[INFORMATION SHOWN Boundary: Start]
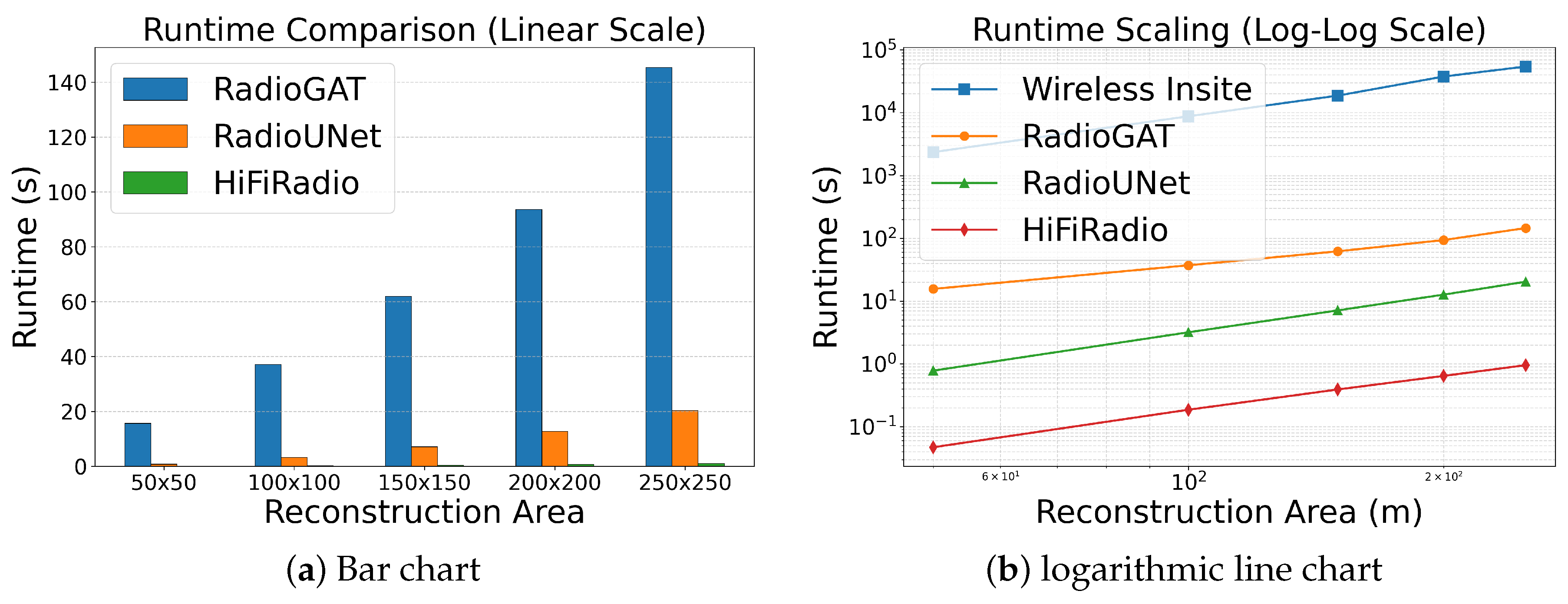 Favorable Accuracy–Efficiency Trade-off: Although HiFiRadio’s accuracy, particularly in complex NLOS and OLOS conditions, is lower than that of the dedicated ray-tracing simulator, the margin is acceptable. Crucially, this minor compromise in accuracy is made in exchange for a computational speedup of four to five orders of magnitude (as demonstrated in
[INFORMATION SHOWN Boundary: End]
[INFORMATION SHOWN Boundary: Start]
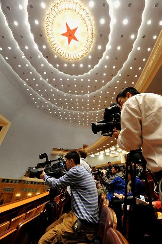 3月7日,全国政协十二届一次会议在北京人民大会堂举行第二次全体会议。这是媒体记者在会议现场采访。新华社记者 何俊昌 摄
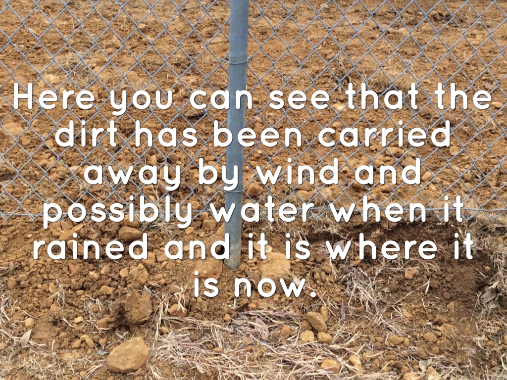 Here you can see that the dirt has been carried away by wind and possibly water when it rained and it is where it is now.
[INFORMATION SHOWN Boundary: End]
[INFORMATION SHOWN Boundary: Start]
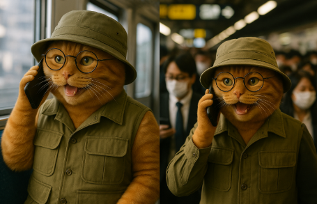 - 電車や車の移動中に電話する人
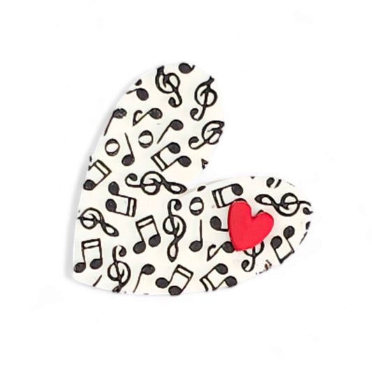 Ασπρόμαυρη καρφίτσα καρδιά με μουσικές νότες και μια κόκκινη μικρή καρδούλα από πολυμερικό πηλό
[INFORMATION SHOWN Boundary: End]
PROMPT
Pictures do not belong in the answer. Return the lines above starting at the one with "3月7日,全国政协十二届一次会议在北京人民大会堂举行第二次全体会议。这是媒体记者在会议现场采访。新华社记者 何俊昌 摄" and ending at the one with "Here you can", both kept, exactly.

EXERCISE RESULT
 3月7日,全国政协十二届一次会议在北京人民大会堂举行第二次全体会议。这是媒体记者在会议现场采访。新华社记者 何俊昌 摄
 Here you can see that the dirt has been carried away by wind and possibly water when it rained and it is where it is now.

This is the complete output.